> [What the task asks]: Given the records below, the lines starting at the line with "Elegantes zapatos planos" and ending at the line with "Татуировка мужская реализм" should be output exactly, both end lines kept and pictures left out.

> [Task data]:
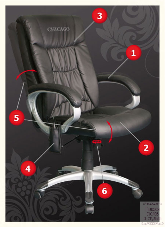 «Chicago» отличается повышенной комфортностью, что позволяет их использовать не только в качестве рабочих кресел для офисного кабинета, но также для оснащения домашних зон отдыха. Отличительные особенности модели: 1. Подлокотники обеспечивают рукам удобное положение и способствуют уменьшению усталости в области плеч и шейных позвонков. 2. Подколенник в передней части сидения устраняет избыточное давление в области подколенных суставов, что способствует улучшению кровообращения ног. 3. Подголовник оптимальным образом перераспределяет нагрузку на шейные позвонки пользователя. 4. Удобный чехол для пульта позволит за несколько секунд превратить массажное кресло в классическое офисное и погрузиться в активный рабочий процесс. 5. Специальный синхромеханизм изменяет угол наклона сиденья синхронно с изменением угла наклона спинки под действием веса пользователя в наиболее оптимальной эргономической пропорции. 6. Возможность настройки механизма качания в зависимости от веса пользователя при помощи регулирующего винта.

---

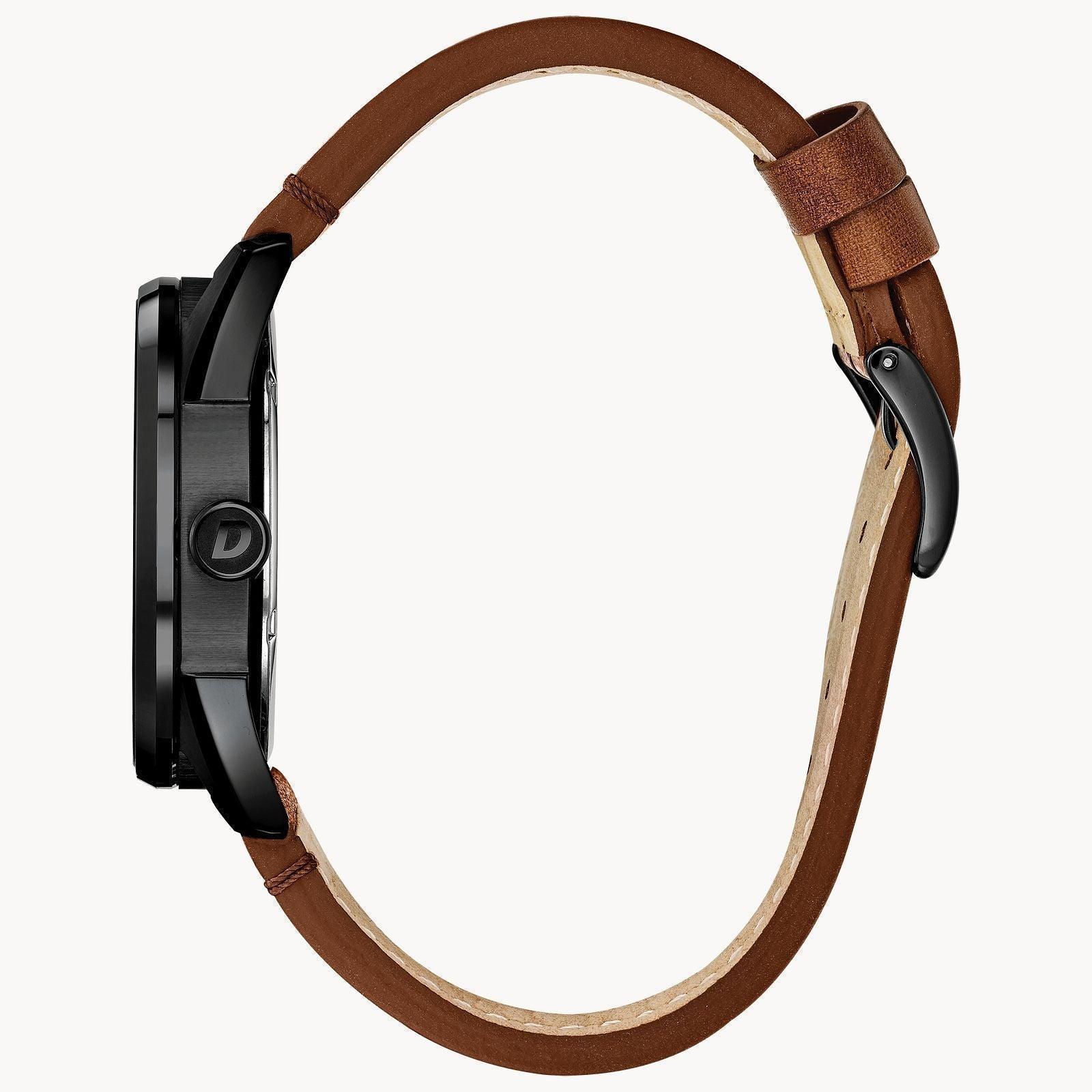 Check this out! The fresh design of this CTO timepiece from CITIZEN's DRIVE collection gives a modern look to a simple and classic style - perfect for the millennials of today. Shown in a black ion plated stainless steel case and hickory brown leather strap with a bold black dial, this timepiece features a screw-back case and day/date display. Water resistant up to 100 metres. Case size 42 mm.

* * *

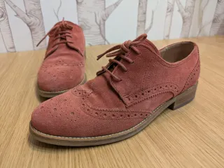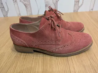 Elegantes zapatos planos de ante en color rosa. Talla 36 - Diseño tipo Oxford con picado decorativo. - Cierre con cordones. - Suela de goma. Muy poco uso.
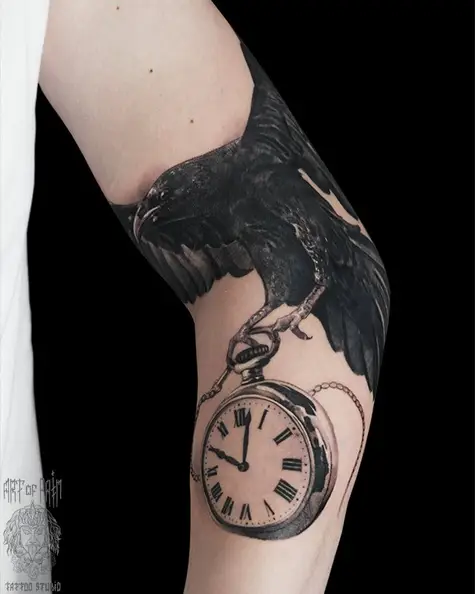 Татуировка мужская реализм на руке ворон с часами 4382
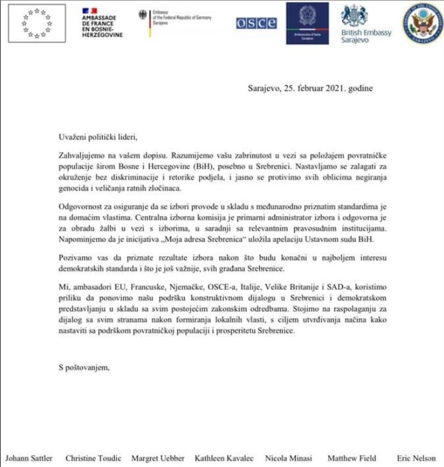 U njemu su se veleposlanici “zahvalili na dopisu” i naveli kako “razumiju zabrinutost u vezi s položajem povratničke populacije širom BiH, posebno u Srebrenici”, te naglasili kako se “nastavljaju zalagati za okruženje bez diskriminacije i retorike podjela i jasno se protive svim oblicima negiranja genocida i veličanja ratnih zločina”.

> [Reply]:
 Elegantes zapatos planos de ante en color rosa. Talla 36 - Diseño tipo Oxford con picado decorativo. - Cierre con cordones. - Suela de goma. Muy poco uso.
 Татуировка мужская реализм на руке ворон с часами 4382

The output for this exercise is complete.